Jan 24, 2024
Michael Sorkin, in his masterful essay built of bits and pieces in alphabetical form called “Skyscrapers from A to Z,” an entry on architect Cass Gilbert’s Woolworth Building called “Cathedral of Commerce”:
The idea to build a new tallest building in the world (it remained the newest until 1930) in the gothic style had come from Frank Woolworth himself, the king of the five and ten cent store, who’d been greatly taken, while visiting London, with the Houses of Parliament. Woolworth had amassed his huge fortune on the basis of three retailing principles: 1) all merchandise must be fixed at the price of 5 cents; 2) everything must be paid for in cash; 3) merchandise must be displayed on counters so that customers might see and choose each item themselves. True to his principles, Woolworth paid cash for his building. Marcel Duchamp, with perfect recognition, included the building in the category of readymades.
It should be noted that Woolworth was only the first in a line of secular cathedrals. The Paramount Building in Times Square, designed by C.W. and George L. Rapp of Chicago in 1929, was called “The Cathedral of Motion Pictures.” At the same time Charles Z. Klauder was building the “Cathedral of Learning” to house the University of Pittsburgh. Gilbert himself had a somewhat more sanguine description of the skyscraper: “The machine that makes the land pay.”

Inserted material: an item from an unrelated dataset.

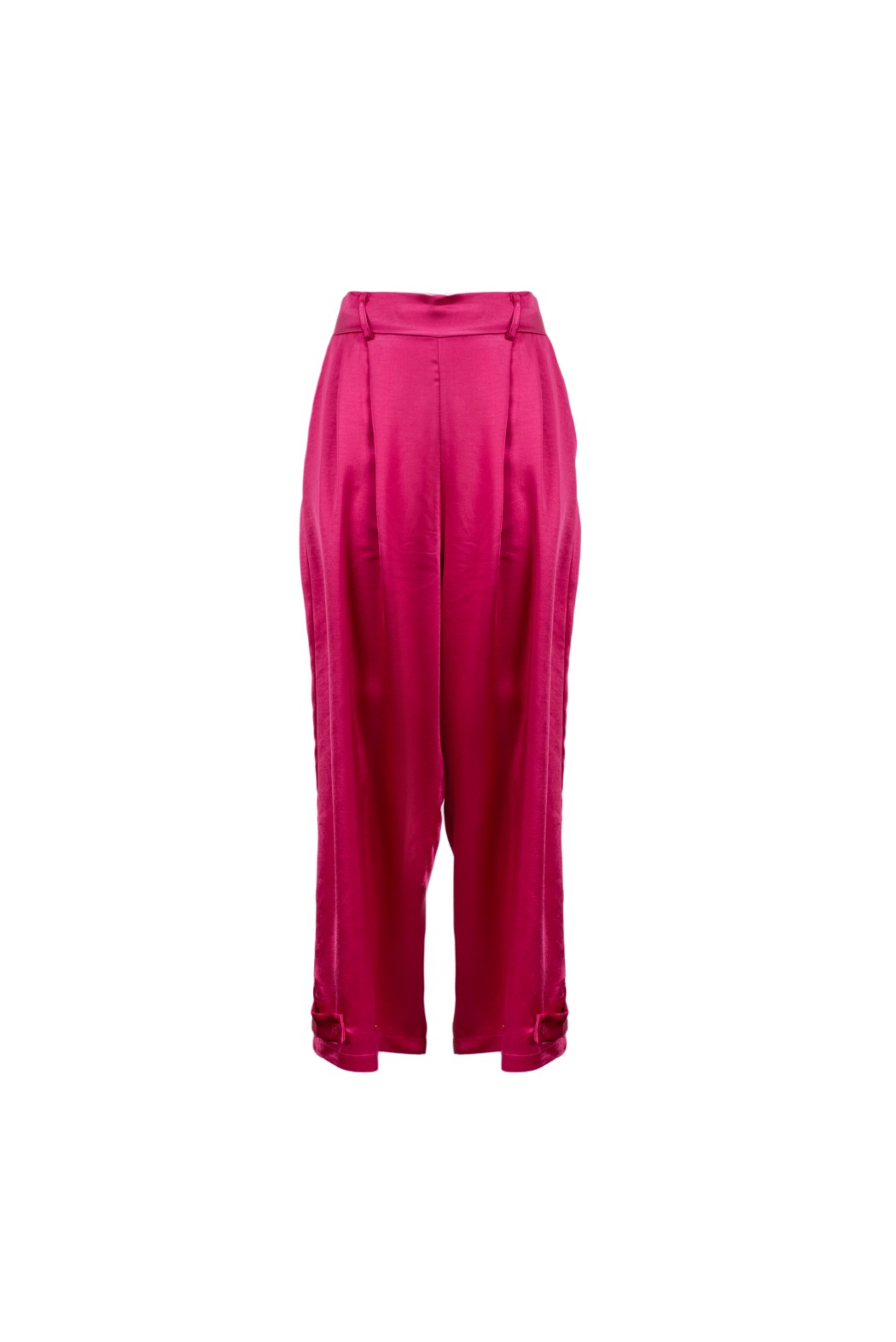 Pantalone full lenght con pinces, elastico sul retro e fibbia con bottone sulle caviglie.

And later under “I” for “Intelligent Building.” This is from 1988:
What a concept! Colloquially, it refers to a nirvana of regulation afforded big buildings by the advent of the computer. Linked by fiber optics, central control is imposed on heating, ventilation, elevators, lighting, security, fire protection, as well as telecommunications and electronic office services. The aim, according to one avatar of such technologism, is “to make buildings behave much like living things, continually gathering information through different senses and adjusting their behavior in response.” Definitively, the walls will have ears and work will take place in the belly of the beast.

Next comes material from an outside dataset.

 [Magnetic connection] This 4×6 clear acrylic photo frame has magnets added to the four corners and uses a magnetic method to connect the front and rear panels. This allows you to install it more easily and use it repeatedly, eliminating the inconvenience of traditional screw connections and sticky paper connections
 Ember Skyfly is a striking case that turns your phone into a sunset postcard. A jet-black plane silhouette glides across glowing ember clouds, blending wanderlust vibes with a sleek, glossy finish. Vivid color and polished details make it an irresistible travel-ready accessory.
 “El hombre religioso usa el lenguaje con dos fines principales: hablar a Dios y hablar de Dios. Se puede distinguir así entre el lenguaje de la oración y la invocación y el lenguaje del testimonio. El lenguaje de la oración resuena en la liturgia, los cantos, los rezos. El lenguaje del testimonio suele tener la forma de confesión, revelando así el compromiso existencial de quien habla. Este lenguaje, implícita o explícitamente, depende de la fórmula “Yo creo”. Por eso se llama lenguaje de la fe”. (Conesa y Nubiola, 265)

The rise of the intelligent building augurs a transformation. As the skyscraper itself becomes an organism, the living things forced to inhabit it turn subsidiary, to parasites, microorganisms. Instead of controlling their environments, they’ll be controlled by them, by the highly sensitive pantactic apparatus, by the pre-programmed statistical conceits of homeostasis. Unfit, anomalous subjects, trapped in the office when the computer lowers the temperature for the expected departure of the section for lunch, will simply have to bring sweaters.